Department of Psychology, University of California, Los Angeles, Portola Plaza, Los Angeles, CA 91602, USA.
Department of Psychology, University of California, Los Angeles, Portola Plaza, Los Angeles, CA 91602, USA.
Curr Biol. 2022 Jul 25;32(14):3210-3218.e3. doi: 10.1016/j.cub.2022.06.035. Epub 2022 Jun 24.

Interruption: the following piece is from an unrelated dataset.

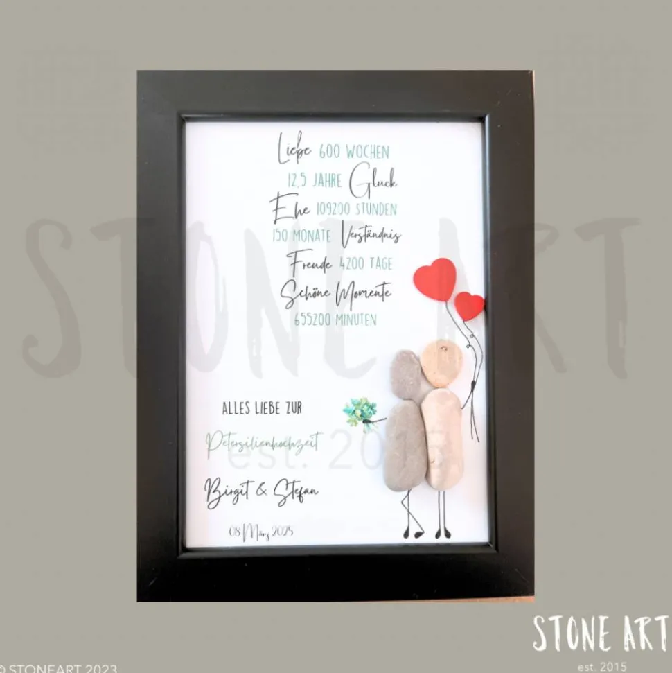 Feiere 12,5 Jahre Liebe und Würze mit einem einzigartigen, handgemachten Steinbild zur Petersilienhochzeit! Dieses Kunstwerk ist das perfekte Geschenk für Paare, Freunde oder Familienmitglieder, die den besonderen Meilenstein der Halbzeit zur Silberhochzeit begehen.

For over two decades, phasic activity in midbrain dopamine neurons was considered synonymous with the prediction error in temporal-difference reinforcement learning. Central to this proposal is the notion that reward-predictive stimuli become endowed with the scalar value of predicted rewards. When these cues are subsequently encountered, their predictive value is compared to the value of the actual reward received, allowing for the calculation of prediction errors. Phasic firing of dopamine neurons was proposed to reflect this computation, facilitating the backpropagation of value from the predicted reward to the reward-predictive stimulus, thus reducing future prediction errors. There are two critical assumptions of this proposal: (1) that dopamine errors can only facilitate learning about scalar value and not more complex features of predicted rewards, and (2) that the dopamine signal can only be involved in anticipatory cue-reward learning in which cues or actions precede rewards. Recent work has challenged the first assumption, demonstrating that phasic dopamine signals across species are involved in learning about more complex features of the predicted outcomes, in a manner that transcends this value computation. Here, we tested the validity of the second assumption. Specifically, we examined whether phasic midbrain dopamine activity would be necessary for backward conditioning-when a neutral cue reliably follows a rewarding outcome. Using a specific Pavlovian-to-instrumental transfer (PIT) procedure, we show rats learn both excitatory and inhibitory components of a backward association, and that this association entails knowledge of the specific identity of the reward and cue. We demonstrate that brief optogenetic inhibition of VTA neurons timed to the transition between the reward and cue reduces both of these components of backward conditioning. These findings suggest VTA neurons are capable of facilitating associations between contiguously occurring events, regardless of the content of those events. We conclude that these data may be in line with suggestions that the VTA error acts as a universal teaching signal. This may provide insight into why dopamine function has been implicated in myriad psychological disorders that are characterized by very distinct reinforcement-learning deficits.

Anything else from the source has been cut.